Так как с покупкой ладьи не задалось, в Холмграде ульверов больше ничто не держало. Но я всё же не спешил уходить, ждал, пока все хирдманы не погуляют день-другой. Дальше, насколько я помнил, с бабами будет потяжелее, словно все ладные девки перебрались сюда, а в тех городках остались только старые, беззубые и обрюзгшие. Сам же больше гулять не ходил, разговаривал с Дометием, с Дагейдом и их людьми, расспрашивал об Арене, об их думах насчет хирда.

Потому я так удивился, когда меня разыскал в корчме Милий и сказал, что некие живичские купцы хотят поговорить с хёвдингом.

— Сказал, что мы больше ничем не торгуем?

— Сказал. Говорят, что не по этому делу. Зовут в дом набольшего из них!

Вины за собой я никакой не знал, к тому же купцы звали, а не князь. Купцов-то чего бояться? Может, разозлились, что я оружие не им продал, а кому другому? Ну так шевелиться надо быстрее.

Я приоделся, надел серебряные и золотые браслеты, кликнул Херлифа, Рысь, Милия и Пистоса. В последний момент решил позвать и Дагейда, оказать ему доверие. Взял бы и Дометия, но тот пока плох в нордском языке и вообще не знает живичского. Не будет же Милий еще и на фагрском всё пересказывать?

Присланный купцами человек явно не был рабом, что меня порадовало. Если гонцом отправили не последнего трэля, а кого-то из сыновей, значит, имеют ко мне уважение и оказывают честь.

Во дворе купеческого дома я убедился в этом еще раз, так как хозяин встречал меня на крыльце, возле резных столбиков с Кудавой. И он, видимо, знал, кого ждет, так как сразу заговорил со мной, а не с Пистосом или Дагейдом, которые зимами и видом больше походили на хёвдинга. Впрочем, золота на мне было больше.

Нас проводили в светлую просторную комнату с щедро накрытым столом, за которым уже сидели восемь зрелых степенных мужей — тоже в богатых одеждах, с перстнями и цепями.

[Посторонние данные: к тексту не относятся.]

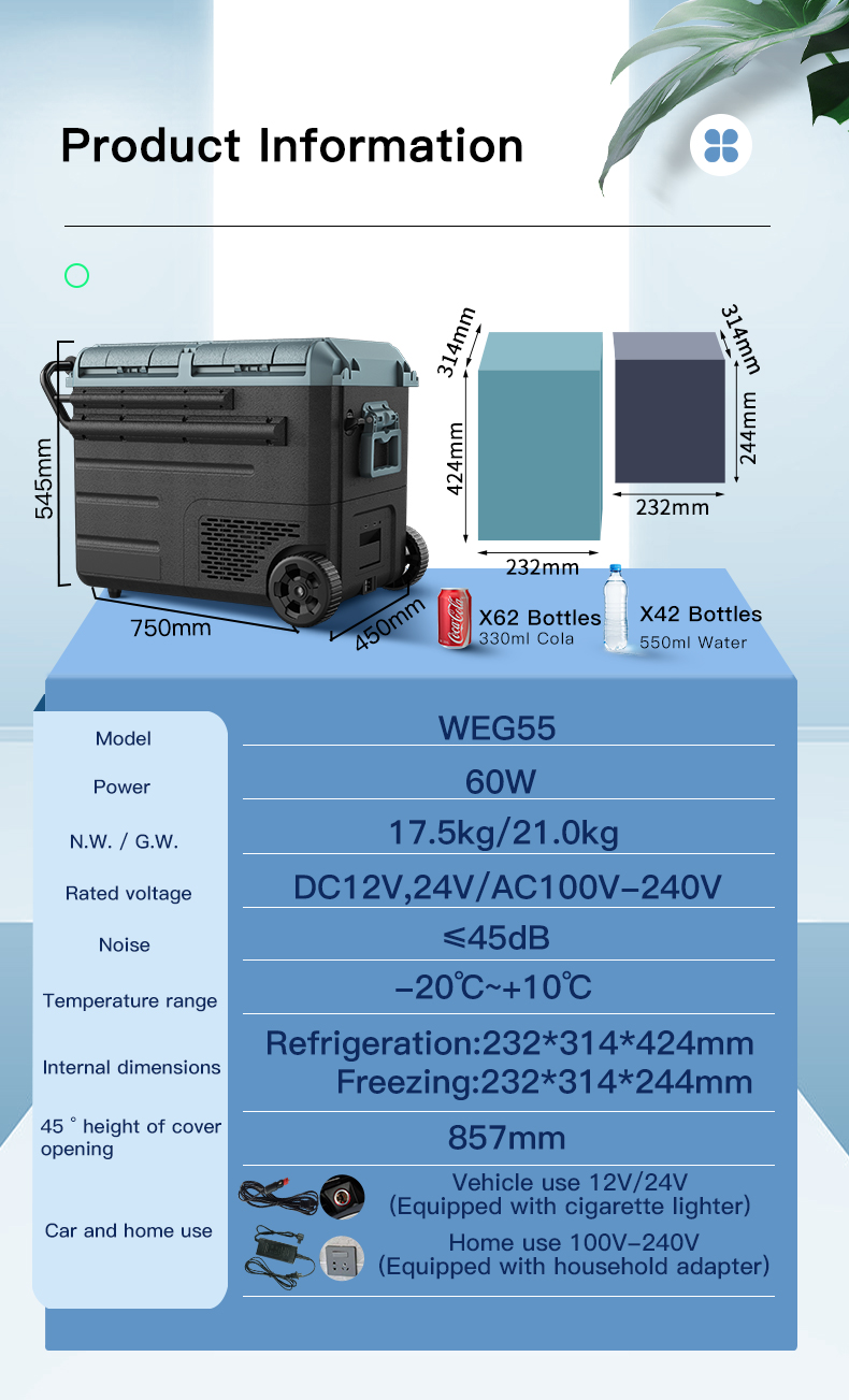 ❄DC compressor refrigerator, AC to DC adaptor included.

Может, они хотели нанять мой хирд? Например, чтобы провести их ладьи на север. Но для этого не нужно звать нас в гости и заботиться об угощении.

Купцы не спешили с разговором. Они поспрашивали о Гульборге, о Набианоре, сами поделились здешними новостями. К примеру, зимой на восточные княжества напали дикие племена всадников. Они и раньше нет-нет да покусывали окраинные деревеньки, но в этот раз их пришло намного больше. Пожгли несколько городов, увели людей в полон, подчистую выгребли закрома. Князья подняли свои дружины, но сотней-двумя все деревни не оборонишь, а подлые всадники не хотят биться в поле сам-на-сам, как это полагается. Мечутся туда-сюда — не догнать.

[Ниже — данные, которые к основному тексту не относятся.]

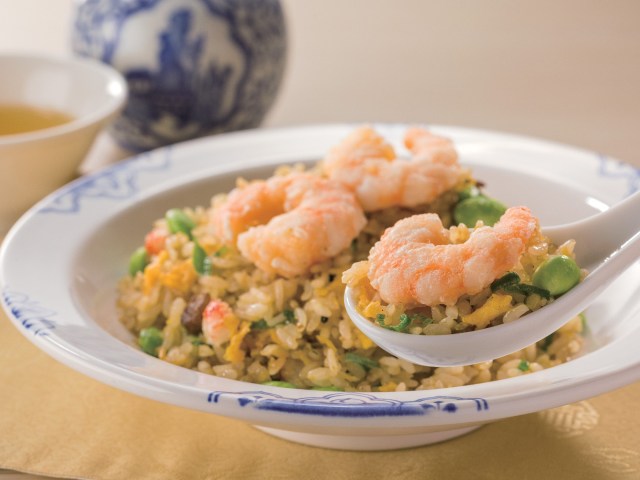 白胡椒が決め手という台湾の伝統的な枝豆チャーハンに、卵白で下味をつけたぷりっぷりの海老をトッピング! 海老の旨味と枝豆の食感にヤミツキになること間違いなしです。

Я слушал, кивал и думал, зачем же нас позвали. Кому надобен целый хирд в полсотню людей? Я с дикими всадниками биться не стану, по крайней мере, сейчас, пока не отвезу домой полученное золото. К тому же у нас самих на Северных островах хватает забот.

Наконец купцы решились заговорить о главном:

— До нас дошел слух, что ты спрашивал о ладье…

Я встрепенулся. Неужто они готовы продать мне корабль?

— Хотя людей у тебя не настолько много, да и твой драккар вместит еще с десяток. Может ли такое быть, что ты хочешь увеличить хирд?

— Верно, — ответил я и, не удержавшись, добавил: — На Северных островах у меня еще два драккара, так что могу набрать хоть целую сотню.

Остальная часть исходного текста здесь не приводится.